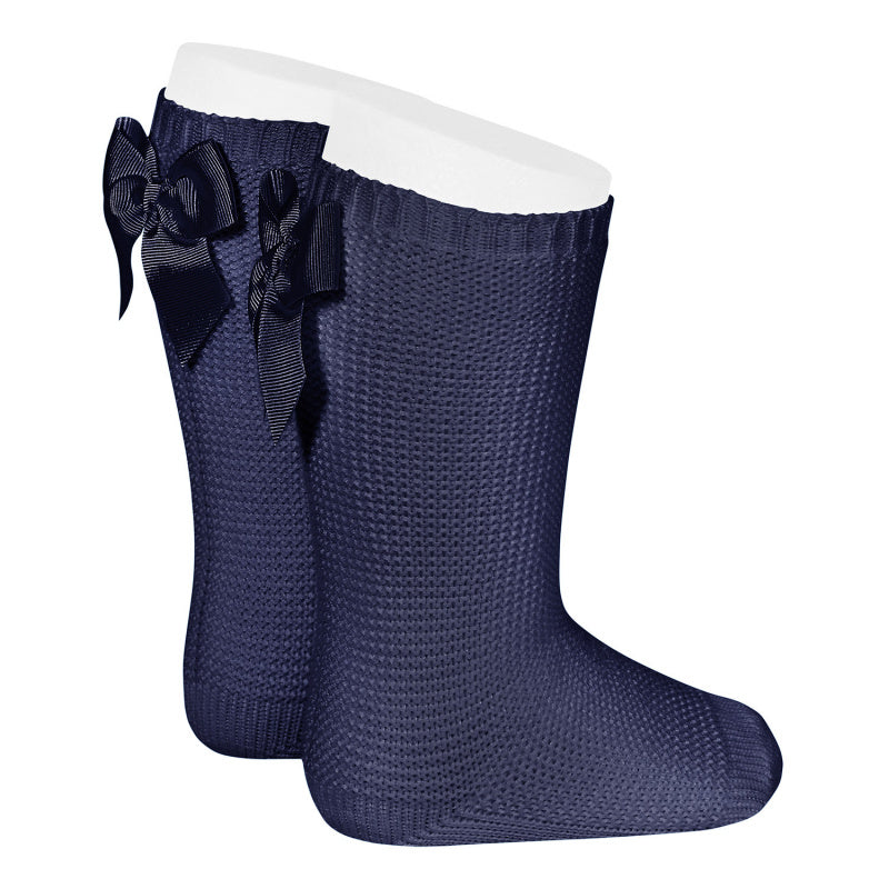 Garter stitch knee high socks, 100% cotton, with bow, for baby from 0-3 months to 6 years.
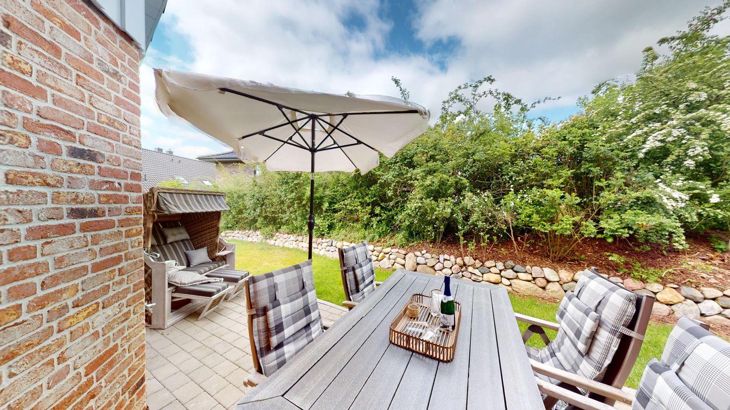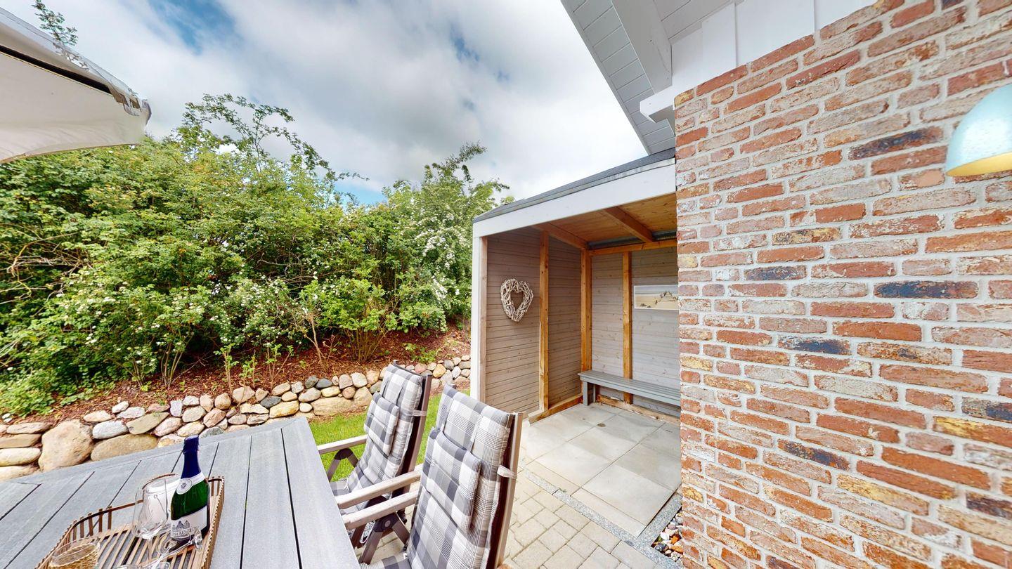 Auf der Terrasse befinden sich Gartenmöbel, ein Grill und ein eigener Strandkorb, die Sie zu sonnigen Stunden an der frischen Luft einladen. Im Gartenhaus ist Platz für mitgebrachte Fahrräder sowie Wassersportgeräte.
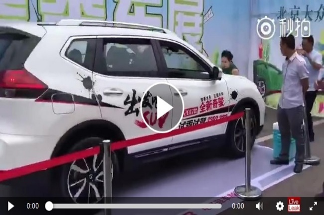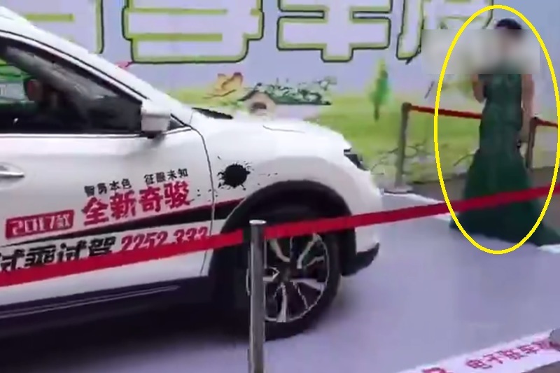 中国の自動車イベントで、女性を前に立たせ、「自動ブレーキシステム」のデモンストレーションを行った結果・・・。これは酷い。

EXERCISE:
The exact lines from the one containing "Auf der Terrasse" through the end of the data are to be copied, with both ends kept and pictures left out.

SOLUTION BELOW:
 Auf der Terrasse befinden sich Gartenmöbel, ein Grill und ein eigener Strandkorb, die Sie zu sonnigen Stunden an der frischen Luft einladen. Im Gartenhaus ist Platz für mitgebrachte Fahrräder sowie Wassersportgeräte.
 中国の自動車イベントで、女性を前に立たせ、「自動ブレーキシステム」のデモンストレーションを行った結果・・・。これは酷い。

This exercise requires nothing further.